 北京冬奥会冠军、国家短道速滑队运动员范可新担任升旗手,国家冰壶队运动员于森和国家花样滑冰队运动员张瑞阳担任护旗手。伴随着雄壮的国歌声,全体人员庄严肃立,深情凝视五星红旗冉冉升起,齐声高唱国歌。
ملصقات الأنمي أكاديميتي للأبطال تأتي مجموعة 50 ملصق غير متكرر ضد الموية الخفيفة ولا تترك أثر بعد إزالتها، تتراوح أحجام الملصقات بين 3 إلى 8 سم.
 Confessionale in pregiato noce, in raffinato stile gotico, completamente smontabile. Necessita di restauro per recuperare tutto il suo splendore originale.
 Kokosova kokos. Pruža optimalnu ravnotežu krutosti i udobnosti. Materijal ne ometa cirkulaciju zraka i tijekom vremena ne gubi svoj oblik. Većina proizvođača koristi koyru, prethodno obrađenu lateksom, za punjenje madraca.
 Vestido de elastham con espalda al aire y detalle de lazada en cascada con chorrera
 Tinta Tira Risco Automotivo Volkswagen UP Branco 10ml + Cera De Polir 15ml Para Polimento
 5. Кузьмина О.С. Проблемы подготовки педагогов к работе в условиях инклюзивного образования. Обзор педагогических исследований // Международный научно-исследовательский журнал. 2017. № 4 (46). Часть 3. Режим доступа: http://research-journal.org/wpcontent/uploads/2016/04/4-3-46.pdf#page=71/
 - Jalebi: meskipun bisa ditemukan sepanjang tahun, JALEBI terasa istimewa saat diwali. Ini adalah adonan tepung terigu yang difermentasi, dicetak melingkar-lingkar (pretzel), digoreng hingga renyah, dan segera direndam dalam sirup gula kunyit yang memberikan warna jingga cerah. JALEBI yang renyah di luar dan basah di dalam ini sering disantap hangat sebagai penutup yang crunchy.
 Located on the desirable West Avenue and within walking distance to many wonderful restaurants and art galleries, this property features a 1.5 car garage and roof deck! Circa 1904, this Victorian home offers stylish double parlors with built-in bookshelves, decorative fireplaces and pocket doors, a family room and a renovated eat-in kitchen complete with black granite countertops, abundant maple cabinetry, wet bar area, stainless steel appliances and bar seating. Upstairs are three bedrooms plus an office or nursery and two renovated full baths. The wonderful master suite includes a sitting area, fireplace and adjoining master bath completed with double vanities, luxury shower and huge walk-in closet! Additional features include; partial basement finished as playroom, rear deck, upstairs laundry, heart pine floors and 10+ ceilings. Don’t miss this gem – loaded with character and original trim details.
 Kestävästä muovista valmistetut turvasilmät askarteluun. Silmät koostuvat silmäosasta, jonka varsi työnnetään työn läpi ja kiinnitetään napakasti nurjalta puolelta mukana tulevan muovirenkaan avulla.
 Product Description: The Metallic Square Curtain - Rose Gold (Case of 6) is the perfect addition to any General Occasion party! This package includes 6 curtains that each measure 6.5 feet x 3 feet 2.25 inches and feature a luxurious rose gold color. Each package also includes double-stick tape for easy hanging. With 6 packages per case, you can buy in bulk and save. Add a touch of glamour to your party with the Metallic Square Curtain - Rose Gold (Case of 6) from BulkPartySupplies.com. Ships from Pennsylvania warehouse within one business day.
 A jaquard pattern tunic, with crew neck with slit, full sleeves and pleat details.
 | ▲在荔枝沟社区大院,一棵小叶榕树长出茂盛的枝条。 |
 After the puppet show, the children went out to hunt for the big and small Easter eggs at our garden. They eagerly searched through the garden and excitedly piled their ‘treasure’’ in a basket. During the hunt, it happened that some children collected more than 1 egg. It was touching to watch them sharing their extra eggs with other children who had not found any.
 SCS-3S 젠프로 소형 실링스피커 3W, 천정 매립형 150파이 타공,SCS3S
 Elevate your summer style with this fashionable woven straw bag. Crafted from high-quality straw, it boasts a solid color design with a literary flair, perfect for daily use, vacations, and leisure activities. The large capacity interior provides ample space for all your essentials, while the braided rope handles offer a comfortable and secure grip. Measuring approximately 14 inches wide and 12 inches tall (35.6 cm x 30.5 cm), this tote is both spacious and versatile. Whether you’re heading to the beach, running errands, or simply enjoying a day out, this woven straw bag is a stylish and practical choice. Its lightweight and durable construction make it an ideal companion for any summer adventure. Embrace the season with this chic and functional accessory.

== What the task requires ==
Reproduce exactly, and with no other material, the lines between those holding "Confessionale in pregiato" and "- Jalebi: meskipun", inclusive.

== Answer section ==
 Confessionale in pregiato noce, in raffinato stile gotico, completamente smontabile. Necessita di restauro per recuperare tutto il suo splendore originale.
 Kokosova kokos. Pruža optimalnu ravnotežu krutosti i udobnosti. Materijal ne ometa cirkulaciju zraka i tijekom vremena ne gubi svoj oblik. Većina proizvođača koristi koyru, prethodno obrađenu lateksom, za punjenje madraca.
 Vestido de elastham con espalda al aire y detalle de lazada en cascada con chorrera
 Tinta Tira Risco Automotivo Volkswagen UP Branco 10ml + Cera De Polir 15ml Para Polimento
 5. Кузьмина О.С. Проблемы подготовки педагогов к работе в условиях инклюзивного образования. Обзор педагогических исследований // Международный научно-исследовательский журнал. 2017. № 4 (46). Часть 3. Режим доступа: http://research-journal.org/wpcontent/uploads/2016/04/4-3-46.pdf#page=71/
 - Jalebi: meskipun bisa ditemukan sepanjang tahun, JALEBI terasa istimewa saat diwali. Ini adalah adonan tepung terigu yang difermentasi, dicetak melingkar-lingkar (pretzel), digoreng hingga renyah, dan segera direndam dalam sirup gula kunyit yang memberikan warna jingga cerah. JALEBI yang renyah di luar dan basah di dalam ini sering disantap hangat sebagai penutup yang crunchy.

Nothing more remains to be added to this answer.